Installing WordPress

Now, we can finally install WordPress itself. We’ll download and extract our files to the /var/www/ directory where our web server, nginx, searches for files:

cd /var/www/html
tar xzvf latest.tar.gz

Navigate to the /wordpress folder and edit the sample wordpress config file:

cd wordpress
sudo nano wp-config-sample.php

Look for the section that begins ** Database settings and enter the database information you noted down earlier in the relevant fields. For example:

database settings
Press Ctrl + O and delete -sample from the file name, then press enter, followed by Ctrl + X.

To complete the setup, go to the browser on your local PC and enter your IP address,, such as:

Select your language and press next until you reach this screen:

Database Settings
Enter the database information you noted down earlier and press submit. Now all that’s left is to enter your site details and press “Install”. WordPress will install, and you can log in at /wp-admin to get started.

However, before you do so, you may want to consider implementing some additional security measures.

How to secure your WordPress installation

WordPress is a common target for attackers because it is widely used and often utilized by non-developers or IT professionals. Additionally, WordPress sites have commonalities that are easy to automate attacks against. For example, the login page is always at /wp-admin by default, comments on pages are usually open and use the same base WordPress code, etc.

Basic security principles will get you a long way with WordPress:

  • Use unique, secure passwords for your account backed by two-factor authentication.
  • Make sure the users you give advanced privileges to are trustworthy.

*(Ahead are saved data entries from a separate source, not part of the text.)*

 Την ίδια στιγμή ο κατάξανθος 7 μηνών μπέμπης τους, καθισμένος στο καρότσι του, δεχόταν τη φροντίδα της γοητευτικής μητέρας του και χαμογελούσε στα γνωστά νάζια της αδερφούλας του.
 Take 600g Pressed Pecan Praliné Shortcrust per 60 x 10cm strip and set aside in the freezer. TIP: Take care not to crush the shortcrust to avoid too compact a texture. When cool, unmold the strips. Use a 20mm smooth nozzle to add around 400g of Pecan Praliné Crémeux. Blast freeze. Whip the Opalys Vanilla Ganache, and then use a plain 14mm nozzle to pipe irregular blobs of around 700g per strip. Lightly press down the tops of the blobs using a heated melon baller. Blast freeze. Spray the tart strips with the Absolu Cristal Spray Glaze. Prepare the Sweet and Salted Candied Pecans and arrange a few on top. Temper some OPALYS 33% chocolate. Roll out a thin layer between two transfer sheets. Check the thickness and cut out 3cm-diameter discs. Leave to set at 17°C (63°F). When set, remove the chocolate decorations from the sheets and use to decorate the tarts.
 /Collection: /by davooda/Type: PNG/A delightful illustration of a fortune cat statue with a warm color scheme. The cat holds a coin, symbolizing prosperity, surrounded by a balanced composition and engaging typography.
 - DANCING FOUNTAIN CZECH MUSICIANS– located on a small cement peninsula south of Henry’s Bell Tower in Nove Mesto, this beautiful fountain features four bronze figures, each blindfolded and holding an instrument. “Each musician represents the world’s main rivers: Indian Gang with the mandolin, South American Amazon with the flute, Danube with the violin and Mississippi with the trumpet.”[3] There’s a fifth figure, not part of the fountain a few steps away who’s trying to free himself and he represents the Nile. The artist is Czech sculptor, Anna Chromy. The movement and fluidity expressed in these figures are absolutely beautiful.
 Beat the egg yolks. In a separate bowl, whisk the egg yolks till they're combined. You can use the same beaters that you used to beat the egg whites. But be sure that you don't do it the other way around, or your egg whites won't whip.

For example, new hires can start on a probationary period during which they can’t publish without approval.
  • Don’t install plugins and scripts from untrusted sources. Stick to well-known solutions that have been widely used and thoroughly vetted. Check plugins against a WordPress vulnerability database.
  • Disable comments or require them to go through an approval process before publication.
  • Ensure WordPress itself, as well as plugins, themes, and your underlying server packages, are up to date.
  • Regularly back up your database to another location so that you can restore it after any attack.
  • Don’t install themes from sketchy “cracked/nulled WordPress theme” sites. Often, the pirate inserts code that will compromize your site and users to distribute malware and more. Stick to reputable providers such as Grace Themes.

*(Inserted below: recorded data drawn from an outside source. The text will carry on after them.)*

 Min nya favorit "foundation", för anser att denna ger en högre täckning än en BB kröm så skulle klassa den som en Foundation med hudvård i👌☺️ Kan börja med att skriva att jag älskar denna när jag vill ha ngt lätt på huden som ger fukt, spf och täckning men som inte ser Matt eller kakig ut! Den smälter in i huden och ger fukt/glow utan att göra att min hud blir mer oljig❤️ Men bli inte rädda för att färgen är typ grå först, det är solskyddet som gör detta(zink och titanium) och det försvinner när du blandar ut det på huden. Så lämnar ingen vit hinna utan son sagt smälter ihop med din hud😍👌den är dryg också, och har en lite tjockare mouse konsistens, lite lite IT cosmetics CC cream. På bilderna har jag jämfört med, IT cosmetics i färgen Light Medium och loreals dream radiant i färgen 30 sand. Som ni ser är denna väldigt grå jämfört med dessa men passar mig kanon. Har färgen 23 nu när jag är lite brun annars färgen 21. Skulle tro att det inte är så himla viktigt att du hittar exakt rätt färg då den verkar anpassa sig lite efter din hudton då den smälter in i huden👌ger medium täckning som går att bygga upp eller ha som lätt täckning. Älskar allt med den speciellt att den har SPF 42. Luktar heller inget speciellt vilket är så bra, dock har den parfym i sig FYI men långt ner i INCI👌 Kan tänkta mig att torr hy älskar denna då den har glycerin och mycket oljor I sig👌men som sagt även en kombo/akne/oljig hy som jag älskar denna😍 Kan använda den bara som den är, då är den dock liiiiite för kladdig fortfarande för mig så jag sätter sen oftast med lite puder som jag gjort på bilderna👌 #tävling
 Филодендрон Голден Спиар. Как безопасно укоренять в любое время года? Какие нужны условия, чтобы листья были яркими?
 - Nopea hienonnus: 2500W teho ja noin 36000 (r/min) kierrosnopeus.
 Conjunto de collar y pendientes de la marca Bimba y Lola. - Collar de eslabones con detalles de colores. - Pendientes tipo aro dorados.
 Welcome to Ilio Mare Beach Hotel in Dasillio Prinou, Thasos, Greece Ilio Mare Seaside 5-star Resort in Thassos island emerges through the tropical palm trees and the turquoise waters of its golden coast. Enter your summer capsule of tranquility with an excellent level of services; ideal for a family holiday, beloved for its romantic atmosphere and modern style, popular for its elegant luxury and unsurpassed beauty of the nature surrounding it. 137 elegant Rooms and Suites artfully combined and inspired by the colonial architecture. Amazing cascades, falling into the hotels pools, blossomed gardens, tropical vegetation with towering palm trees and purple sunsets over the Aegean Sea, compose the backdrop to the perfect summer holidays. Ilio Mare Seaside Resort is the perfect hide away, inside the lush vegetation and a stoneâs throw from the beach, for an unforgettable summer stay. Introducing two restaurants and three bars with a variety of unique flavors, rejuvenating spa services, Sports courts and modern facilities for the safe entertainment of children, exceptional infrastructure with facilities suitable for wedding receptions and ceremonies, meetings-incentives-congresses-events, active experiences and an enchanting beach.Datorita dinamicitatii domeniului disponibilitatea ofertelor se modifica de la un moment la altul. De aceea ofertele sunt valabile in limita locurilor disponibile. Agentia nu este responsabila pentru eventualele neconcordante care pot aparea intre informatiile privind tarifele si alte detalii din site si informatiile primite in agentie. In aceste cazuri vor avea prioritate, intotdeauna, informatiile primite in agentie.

You can also make more specific tweaks to improve your WordPress security:

  1. Install a plugin to limit the number of login attempts. This will help protect against brute-force attacks.
  2. Change the URL of your login page to reduce automated login attacks. You can do this using a plugin.
  3. Generate a .htpassword file using Htaccess Tools, upload it to your server, and add a customized version of this code to .htaccess.
  4. AuthName "Admins Only"
    AuthUserFile /home/public_html/wp-admin/htpasswd/.htpasswd
    AuthType basic
    Require user Secur3UserName
    <Files admin-ajax.php>>
        Order allow,deny
        Allow from all
        Satisfy any
  5. Protect your wp-includes folder by adding the following code to .htaccess outside the #BEGIN and #END tags. You can remove this later if needed.

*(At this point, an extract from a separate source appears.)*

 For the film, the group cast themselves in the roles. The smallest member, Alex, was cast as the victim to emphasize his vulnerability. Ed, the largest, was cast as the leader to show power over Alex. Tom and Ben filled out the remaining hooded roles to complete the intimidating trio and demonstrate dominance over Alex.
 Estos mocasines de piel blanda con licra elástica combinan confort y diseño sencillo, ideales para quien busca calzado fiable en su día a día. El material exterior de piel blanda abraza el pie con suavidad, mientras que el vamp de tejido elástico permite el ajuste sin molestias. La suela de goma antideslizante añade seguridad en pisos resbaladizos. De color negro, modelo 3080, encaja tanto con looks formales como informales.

    <IfModule mod_rewrite.c>
    RewriteEngine On  
    RewriteBase /  
    RewriteRule ^wp-admin/includes/ - [F,L] 
    RewriteRule !^wp-includes/ - [S=3]
    RewriteRule ^wp-includes/[^/]+\.php$ - [F,L]
    RewriteRule ^wp-includes/js/tinymce/langs/.+\.php - [F,L]
    RewriteRule ^wp-includes/theme-compat/ - [F,L] 

Closing words

There’s always more we could say about WordPress customization, configuration, and use, but this guide should be enough to get you started on your journey while giving you a crucial understanding of key WordPress concepts. For more guidance, we recommend you read through the official WordPress Advanced Administration Handbook, which is full of advice on security, management, optimization, and more.